Enable column lineage for transparency & troubleshooting
Why read this tip?
Understanding data lineage is critical. It helps secure trust in the data and the business decisions that result therefrom. Oftentimes your data preparation work will result in the creation of dozens of steps and business rules / logic with some assumptions along the way (which can be annotated in the Versions panel—but that's a tip for another day!). The ability to trace back to all the steps which impacted a particular key attribute or feature is quite important as it provides transparency into how the data was sourced and compiled and an easy way to troubleshoot mistakes in derived columns.
Here we go
This tip demonstrates the built-in data lineage features of Data Prep. In this scenario, we highlight the usefulness and simplicity of "Show Lineage Mode."

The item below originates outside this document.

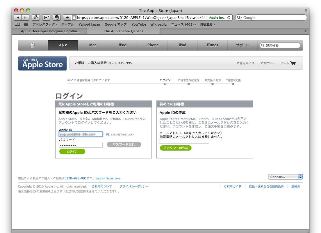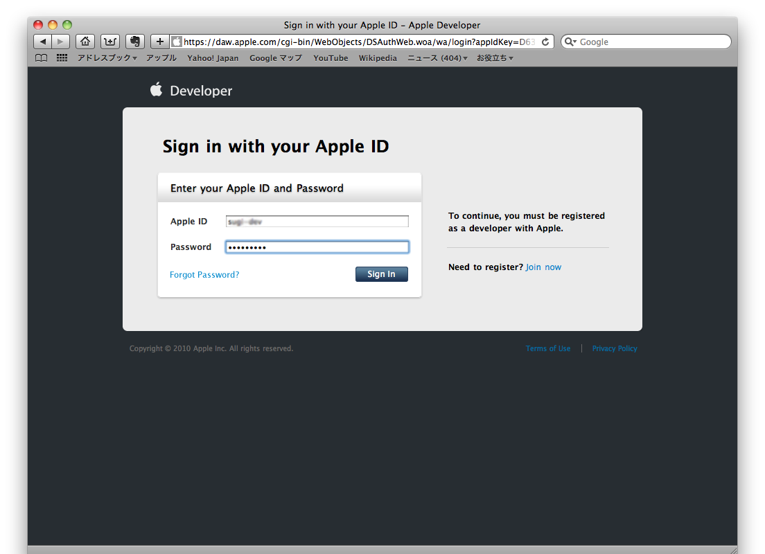 ここでは、デベロッパ用に昨日作ったApple IDとパスワードを入れます。

Within a Data Prep project, hover over any column header to reveal the lineage icon:
Hovering directly over the icon will expand the label and allow you to click Show Lineage Mode for that column: You will now see the Steps Panel appear (if it was hidden). Any step that impacts the values in that column are highlighted with a blue border (e.g., like the "Change" step in the following image). (Note: For viewing convenience the steps before, between, and after are collapsed.)
To expand/view all steps in context of the highlighted lineage, click Show All Steps:
To exit lineage mode, click (X) or ClearLineage (Note: Entering "Edit" mode will also get you out of lineage mode.
You can quickly cycle through the complete column lineage by clicking Show Lineage Mode for each column (as shown in step 2).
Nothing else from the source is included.